Literalidad de la visión:
dos emblemas goethianos
Cuanto emprende el hombre [...] ha de surgir de la unión de todas sus energías. Todo lo aislado es recusable.
–Johann Wolfgang von Goethe
Entre las varias representaciones –y ahí ya dadas como autopresentaciones– que hace el artista a lo largo de su vida –y aquí hablamos de Goethe: a lo largo de ‘su’ y de ‘nuestra’ vida, o de la suya ya en tanto que ‘nuestra’–, y una que se dilata hasta nosotros en calidad de presentación, es decir, donación como presente, se nos han conservado dos emblemas en los que el poeta se nos muestra entregado a su hacer –doblemente entregado, en persona y en obra (obra como persona/persona como obra, doble máscara, presentación de sí, desde lo otro, en lo otro de sí: desdoblamiento). Dos textos (dos imágenes, porque eso es el texto –todo texto, y el texto como todo–) desde su desvelada superficie a su fondo aparente: radical.
Desde una un hombre escribe, dibujado como autor –trazador– de su escritura (el texto como trazo y la traza del texto se entrelazan aquí en ‘su’ tejerse inacabable, en el reflejo doble de un reflejar la forma: de su forma). El autor se dibuja como ‘actor’, se ‘describe’ en un se tan personal (vale decir también: enmascarado, re-vestido de sí como pro-yecto, lo que ahí se proyecta desde sí) como puro arte-facto: transitivo. El que escribe se escribe, el que escribe se inscribe, en su interior; un interior del texto que se nos revela –se nos da– como exterioridad que se transcribe (la del interior donde se muestra –y nos muestra, a nosotros, al mostrarse–): el escritor, en acto, con la pluma sujeta a lo que escribe (o quizá lo que anota, o lo que traza: ¿no estará dibujando ese dibujo que vemos dibujar, ante nosotros?), y el caballete, al tiempo, en primer plano, mostrando el exterior (¿de ese interior?): el paisaje del texto –tras el texto– y el envío incesante: su reenvío: del texto hacia la imagen/de la imagen al texto, doble espacio; de lo interno a lo externo, y al contrario, repitiendo su doble movimiento, de lo natural al artificio que es ya toda cultura –toda naturaleza: cultivada–. El cultivo de sí, y de lo nuestro, el ámbito contiguo –(dis)continuo– que se re-produce: como arte.

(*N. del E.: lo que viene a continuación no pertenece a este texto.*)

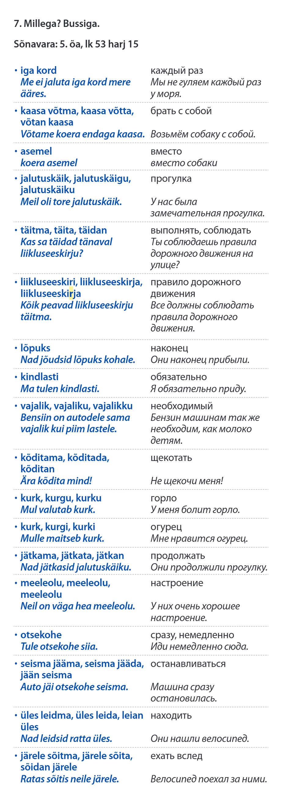 7. Millega? Bussiga. Sõnavara: 5. õa, lk 53 harj 15
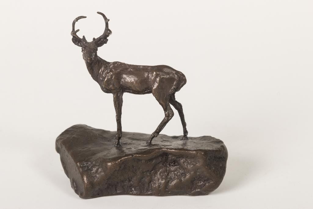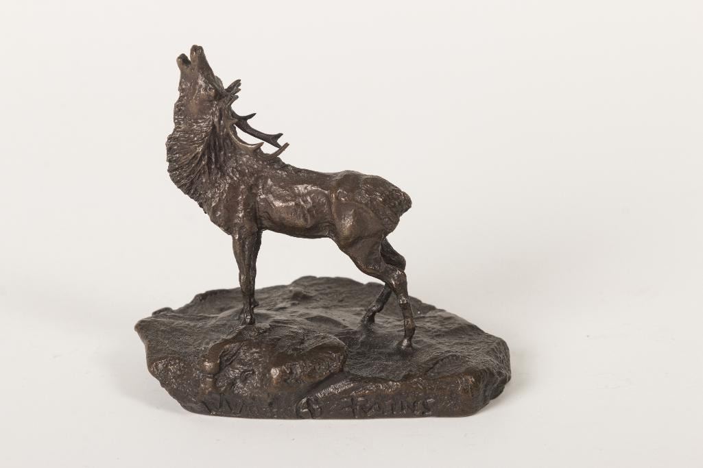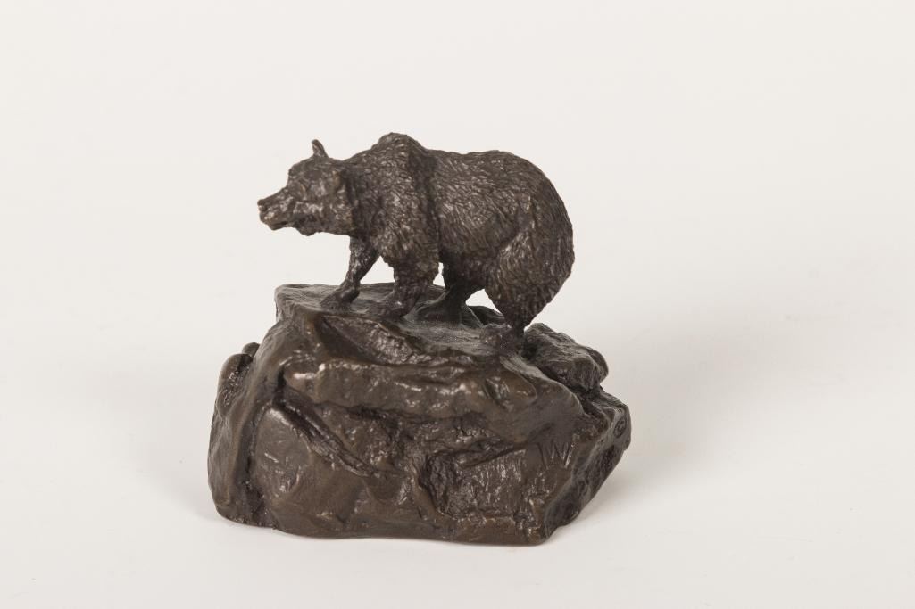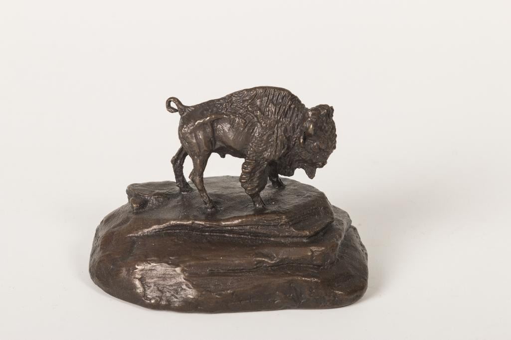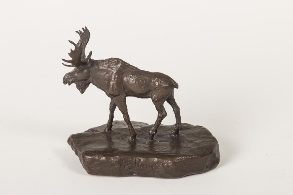 Bill Rains (20th/21st C.) 10 bronzes 1) Breakin' In A New One 11" x 12.25" x 9" Inscribed:(C) 14/15, W. Rains '74 Other nine bronzes are miniature and include a moose, sheep, bear, elk, bison, pronghorn, deer, goat and mountain lion. Largest is 2.5" x 2.5" x 1.5". All are inscribed:(C) W. Rains, 54/250. $1,000-1,500
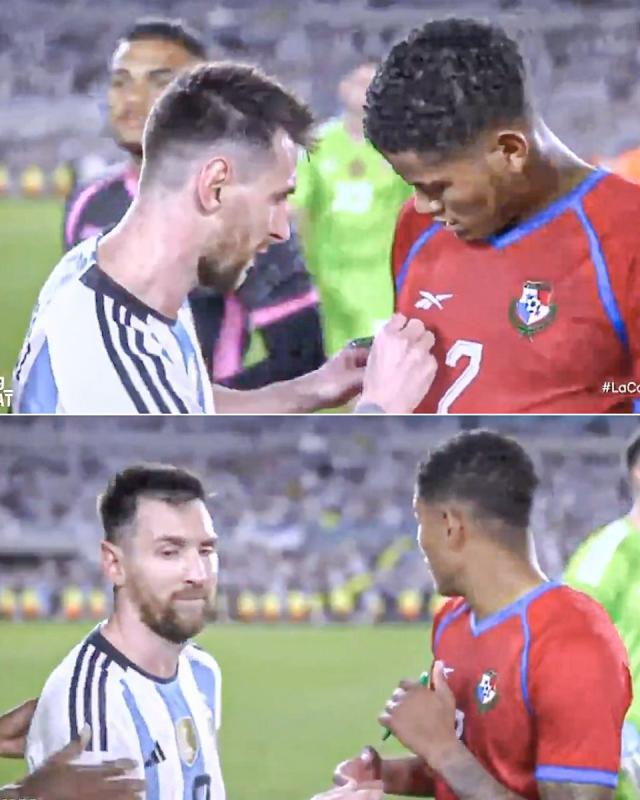 比赛结束后,巴拿马球员马上变身追星族,纷纷找梅西合影和签名。

En otra ‘falta’ el hombre (en apariencia), la apariencia del hombre, que re-torna (sin haberse ido nunca) reflejado en la obra: su rostro, su inscripción, escritura/diseño; y re-aparece el espacio –su ámbito: nosotros, incluidos aquí, como testigos, la visión literal: de lo que mira–. La letra –lo que muestra– es lo que ve, y lo es por su mostrarse, en lo que vuelve: la mesa, el caballete, la ventana –interior/exterior, como paisaje total, en el que el texto regresa sobre sí, inacabable–. (La sospecha de nuevo: ¿no es la imagen del lugar como tal –de aquel espacio del arte como espacio, para sí– lo que dibuja, allí, el dibujado (el presentado que se re-presenta)?
Y ahí brilla, de ‘nuevo’, en una ausencia que es ya toda su forma (‘nuestra’, al fin).